Zero Error Scales

Lucy's true mass = x Kg

David's true mass = y Kg

Error = z kg [negative/positive]

=>x + z = 48........(1)

=>y + z = 56........(2)

=> x + y + z = 107...........(3)

Putting the value of x + z from (1) in (3), we get the value of y = 59 Kg.

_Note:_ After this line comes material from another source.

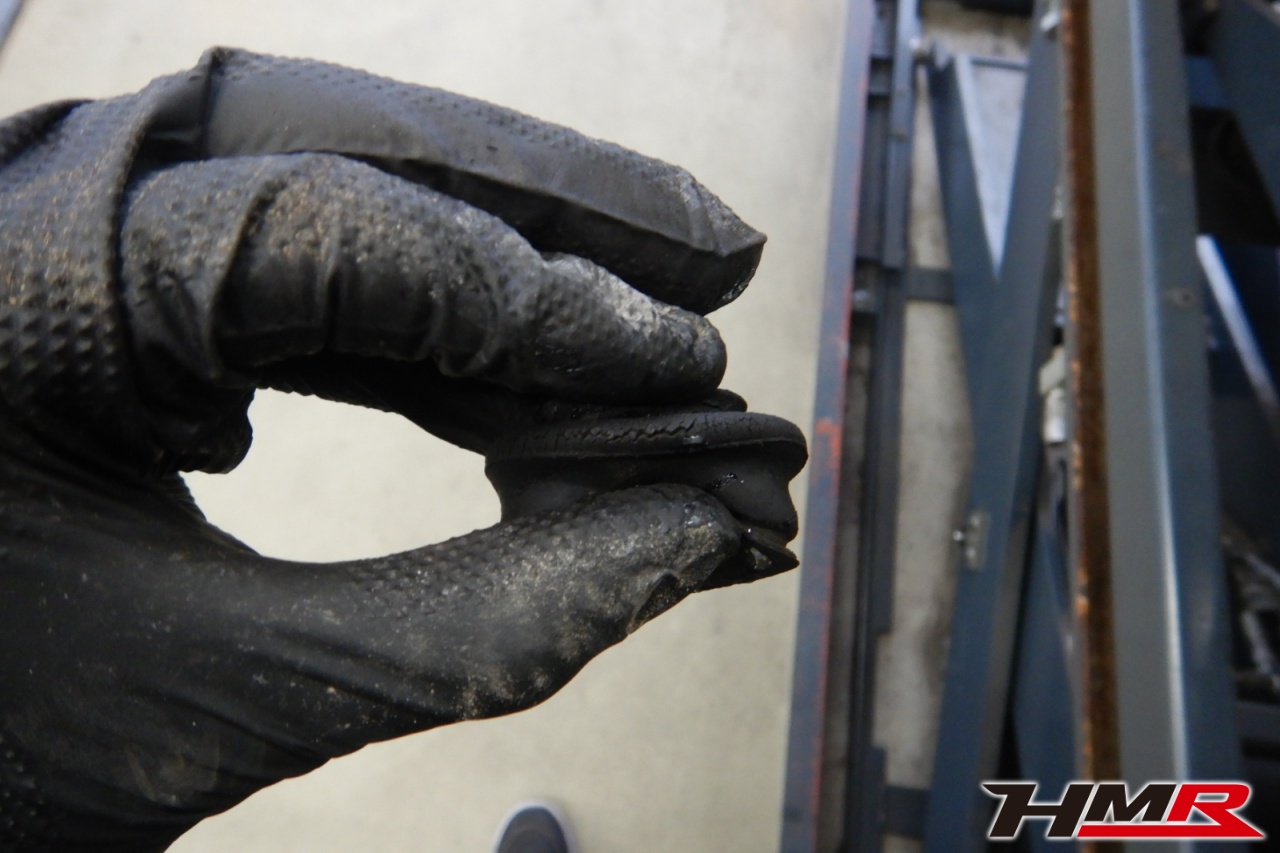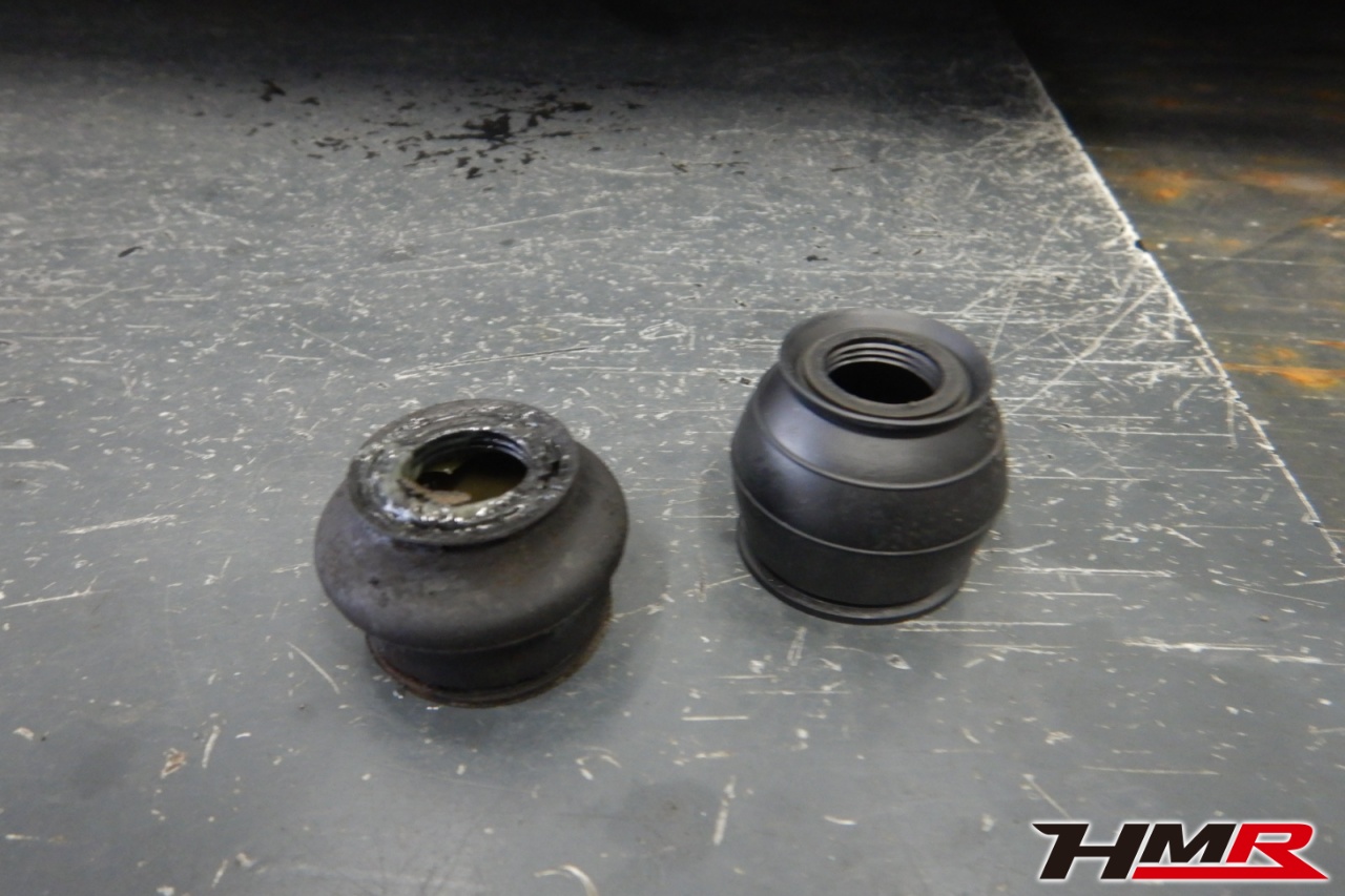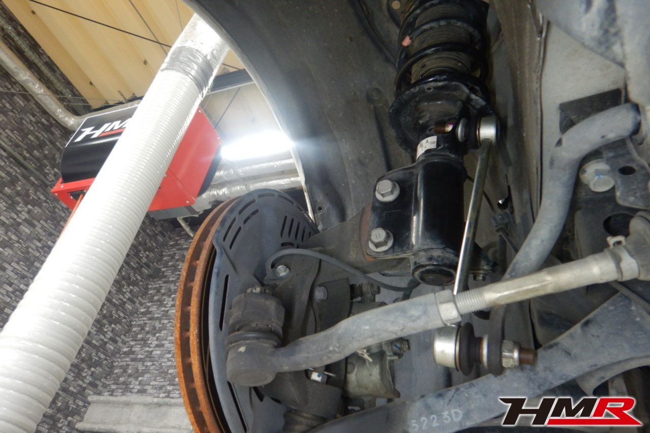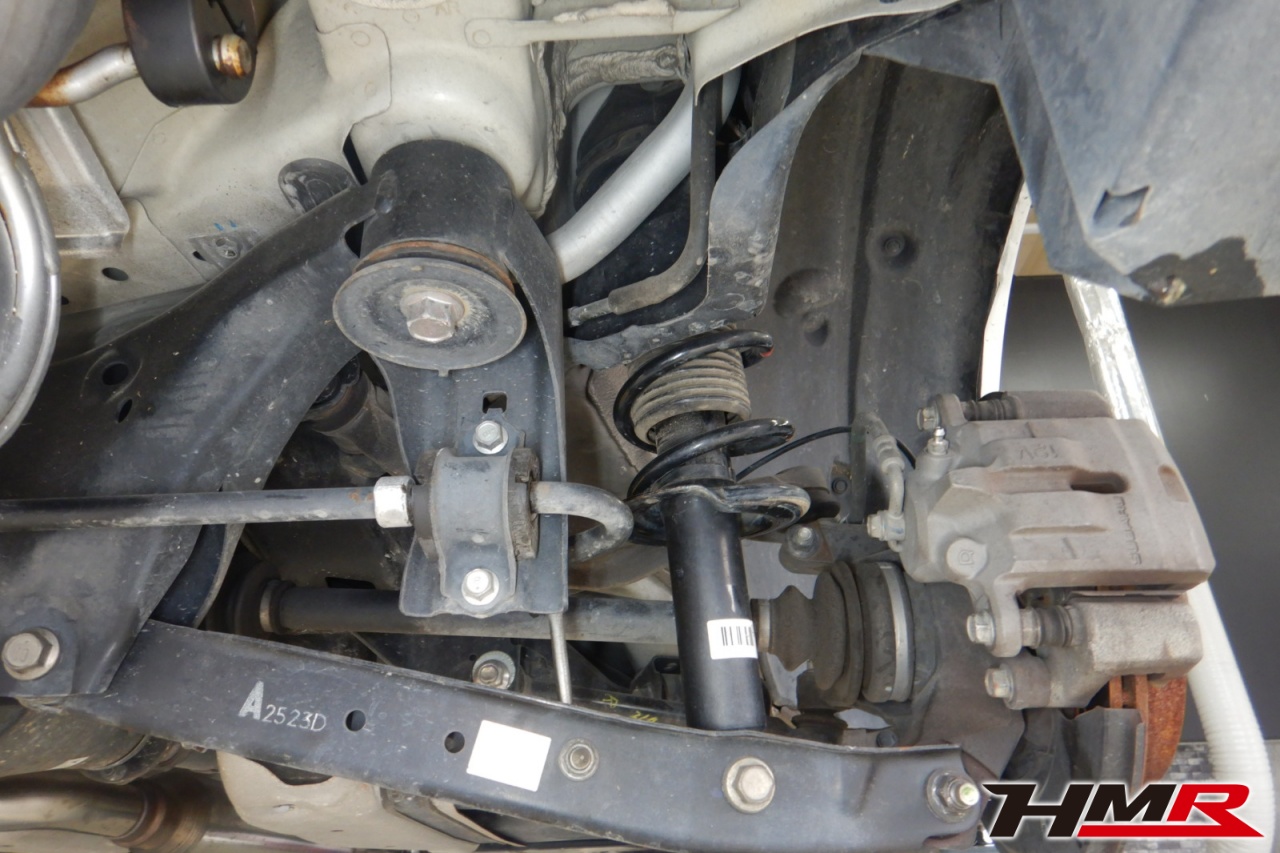 ハブベアリング・ボールジョイント、アーム・リンク類のガタ、ブッシュ・ブーツ類の劣化、エンジン・ミッション・デフからのオイル漏れと各マウント類、タイヤ溝の残量、空気圧の点検をしました。左右フロントロアアームブッシュにヒビが見られましたので交換しました。

Hence, David's age = y = 59 Kg.

Let us assume mass of Lucy as l and mass of David as d , while error is represented as e .
From 1st sentence of problem,
$l+e=48\rightarrow Eq.1$
From 2nd sentence of problem,
$d+e=56\rightarrow Eq.2$
Adding $1$ & $2$ ,
$\Rightarrow l+d+2e=104\rightarrow Eq.3$
From 3rd sentence of problem,
$l+d+e=107\rightarrow Eq.4$ {Here, error is introduced only once as the number of instances of taking observation is only 1.}
Subtracting $3$ from $4$ , we get,
$\Rightarrow e-2e=(107-104)$
$\Rightarrow -e=3$
$\Rightarrow e=-3 kg$
So, there is an error of $e=-3kg$ in the set of scales.
Putting value of error $e$ in Eq.2 ,
$d-3=56$
$\Rightarrow d=59kg$

Suppose that Lucy is on the scale, and then David steps on. The measured change in mass is the same no matter what the offset is, so David's mass is just the combined mass minus Lucy's mass. $107 - 48 = 59$

Let the zero error = a. Then, a + Lucy's mass = 48. And, a + Lucy's mass + David's mass = 107. So David's mass = 59. Note that the second condition isn't even used.

48+56=104, 107-104=3, 56+3=59